Luna Foundation Guard (LFG), the non-profit entity backing the original Terra chain, on Friday shared an update pertaining to the distribution of the remaining assets held in its reserve. In the aftermath of the Terra crash, the Singapore-based organization said it planned to compensate investors, specifically the small holders, using the balance from failed efforts to maintain the ecosystem’s peg and defend the chain from possible governance attacks.
“The Foundation’s remaining reserves consist of the following assets: 313 BTC, 39,914 BNB, 1,973,554 AVAX, 1,847,079,725 UST, 222,713,007 LUNA (of which 221,021,746 is currently staked with validators). The LUNA previously staked is unbonding, and will be returned in 20 days. The Foundation is looking to use its remaining assets to compensate remaining users of $UST, smallest holders first,” the LFG declared following May’s crash.
Legal matters impede distribution plans
LFG records show that the remaining holdings, including the Bitcoin loaned out to OTC trading entities as proposed by the LFG council, equate to $105.65 million at the time of writing. The figure represents a significant shrink from north of $4 billion at one point in May.
LFG Reserve Balance snapshot
The Foundation reaffirmed its intent to distribute the remaining assets to holders in the latest update but said “ongoing and threatened litigation” prevent it from going through with the same. The communication means holders impacted by the ecosystem crash will have to wait for an indefinite period for any form of reimbursement. While the team promised to share updates on new developments, it is unlikely that compensations will be made before all legal issues around Terra are resolved.
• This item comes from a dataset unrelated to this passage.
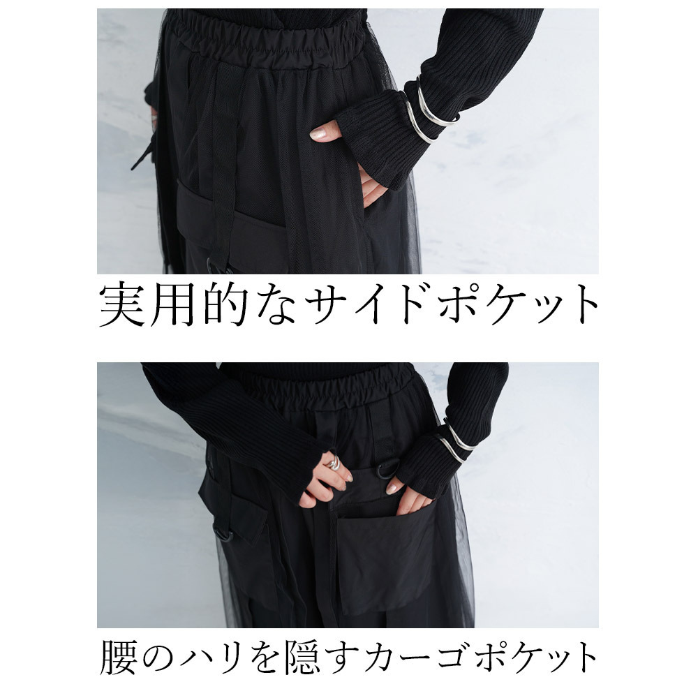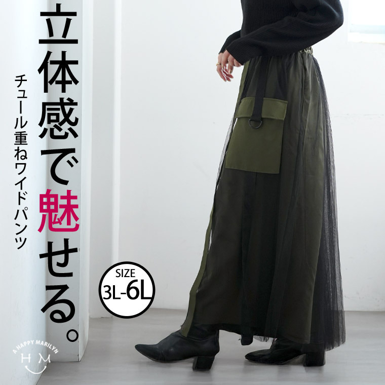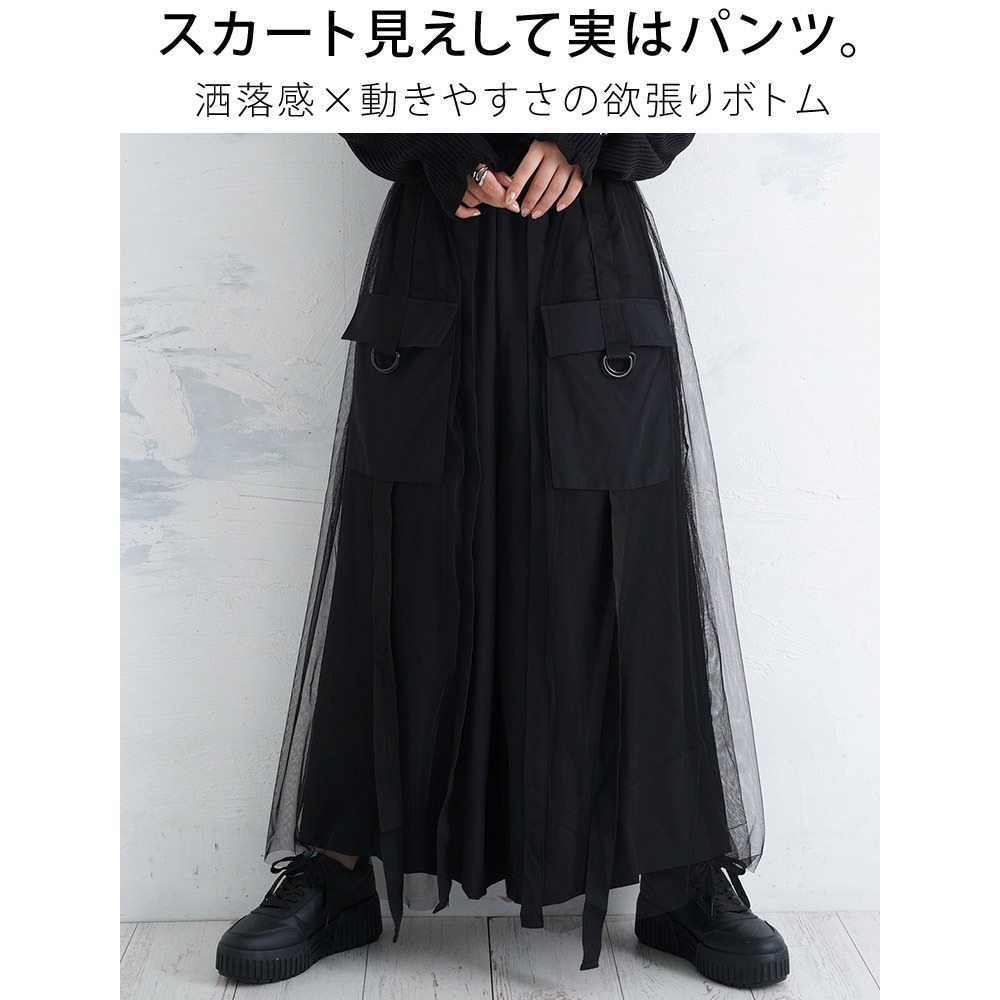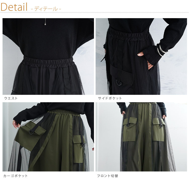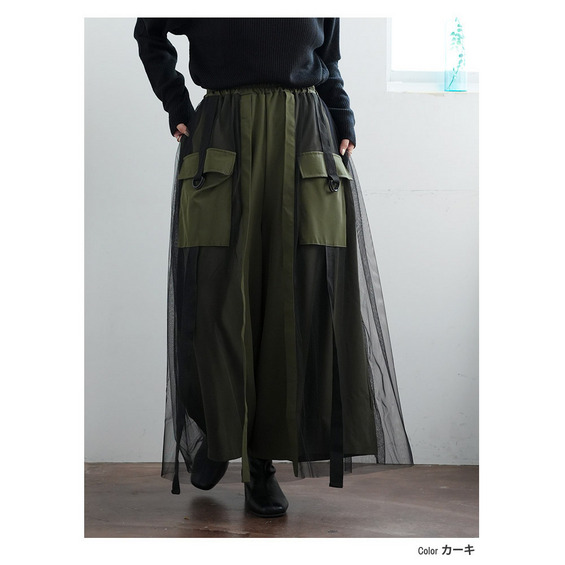 【Pastel Leaf】チュール重ね デザイン ワイドパンツ
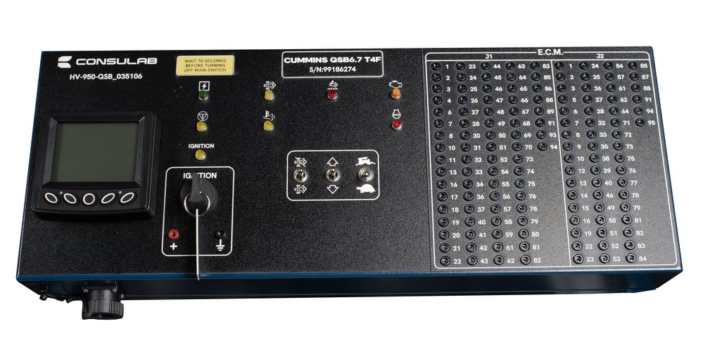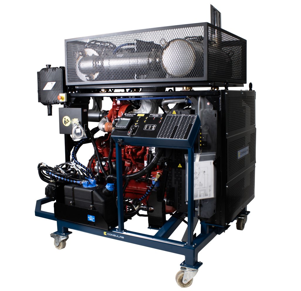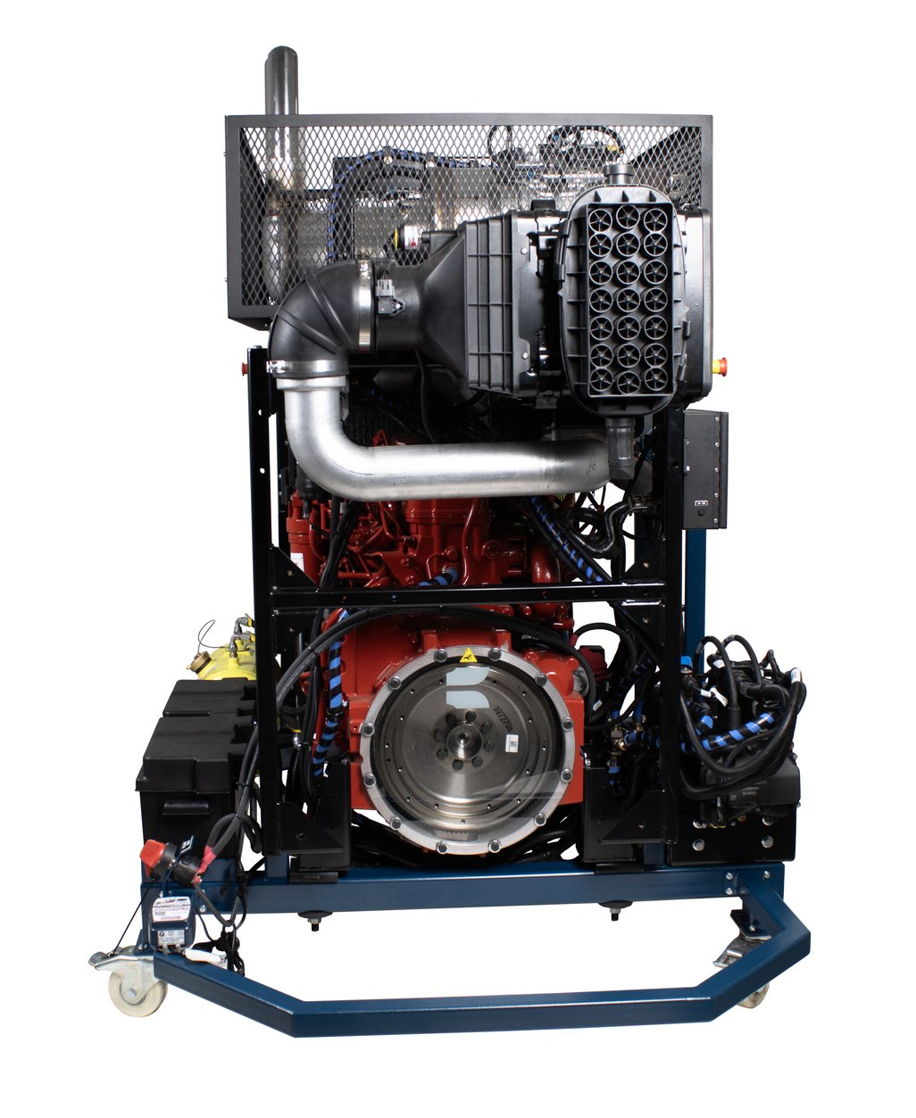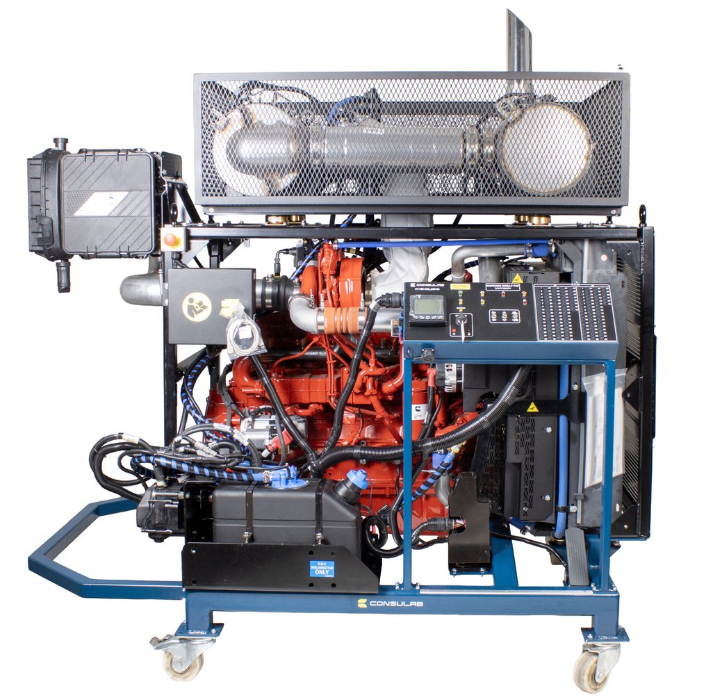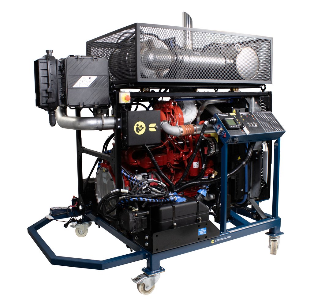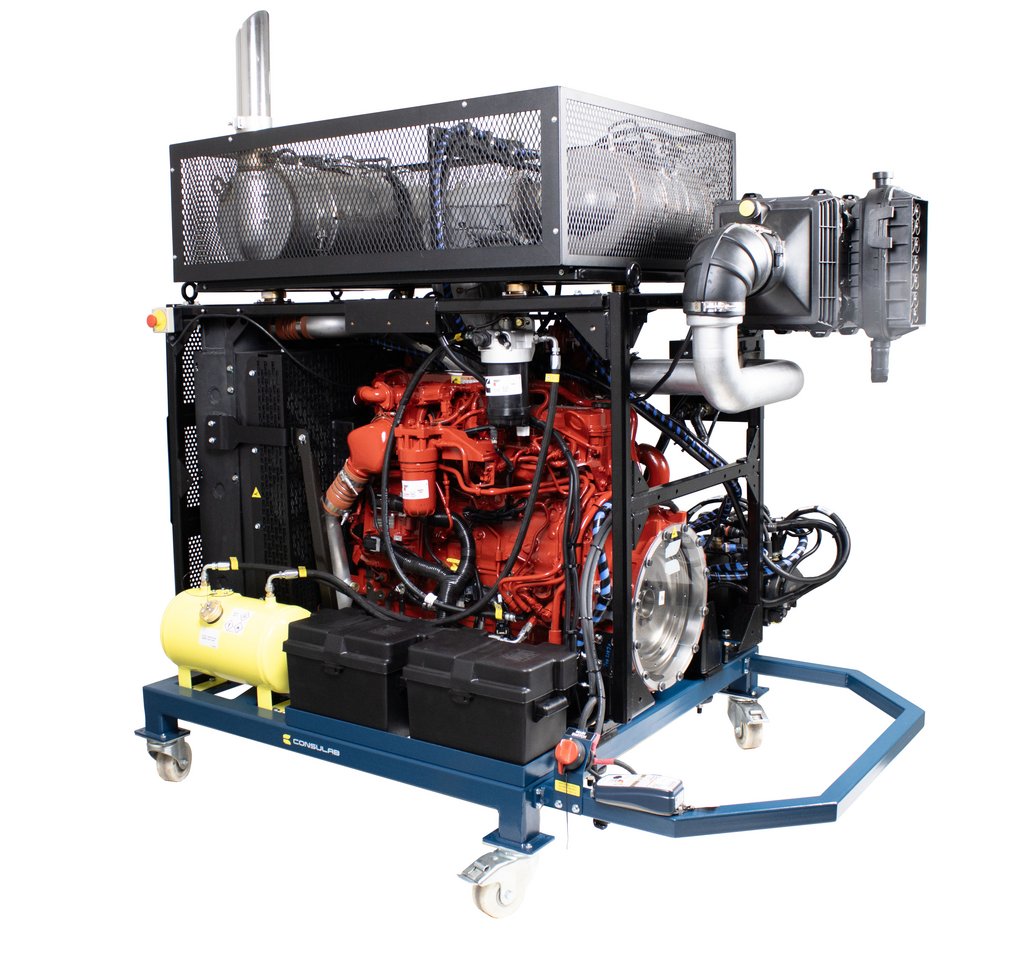 Features | New OEM In-line 6-cylinder, 4-stroke cycle diesel engine Interfaces with OEM diagnostic electronic service tools OEM Engine management system Air intake system with turbocharger and air filter Complete engine cooling system with fan, air-to-air, radiator, and fuel system OEM cold start system OEM ECM and wiring Master control panel with DLC (9-pin J1939 Deutsch connector) with: keyed ignition system with two (2) keys and testing points, indicator lights, enable/disable switches, PTO controls, ECM breakout box with OEM pinout identification, LOFA CANPlus display with J1939 parameters for installed components Complete intake and exhaust system with diesel particulate filter (DPF), maintenance indicators and muffler Engine lubrification system with filters Complete and operable fuse-protected electrical/electronic system (24 VDC) Fuel pedal 22L fuel tank with filters Heavy-duty batteries (2) with smart charger Battery cut-off switch Emergency stop buttons (2) Electronic programmable fault box with 12 faults with intermittent fault capability Safety guards on all rotating components in compliance with CSA regulation Z432-04 and on high temperature components Heavy duty 3” (76.2 mm) powder enamel coated square tubular steel frame Four (2) removable heavy-duty casters, two (2) locking swivel, two (2) fixed |

Several, including investor-turned-whistleblower FatMan Terra, challenged the response from Terra’s backing organization. In a comment, the pseudonymous user demurred and demanded that the LFG “fulfill [its] promise,” referring to the commitment to refund affected victims after ‘scamming’ them.
The LFG’s update comes in the same week South Korea’s markets regulator, the Financial Service Commission, was summoned to appear before lawmakers in the annual parliamentary audit. Among other agendas, the Thursday audit session sought to uncover the truth behind Terra’s crash. The annual event, however, didn’t bring forth much. Keen observers and other closely-following parties described it as one that underdelivered.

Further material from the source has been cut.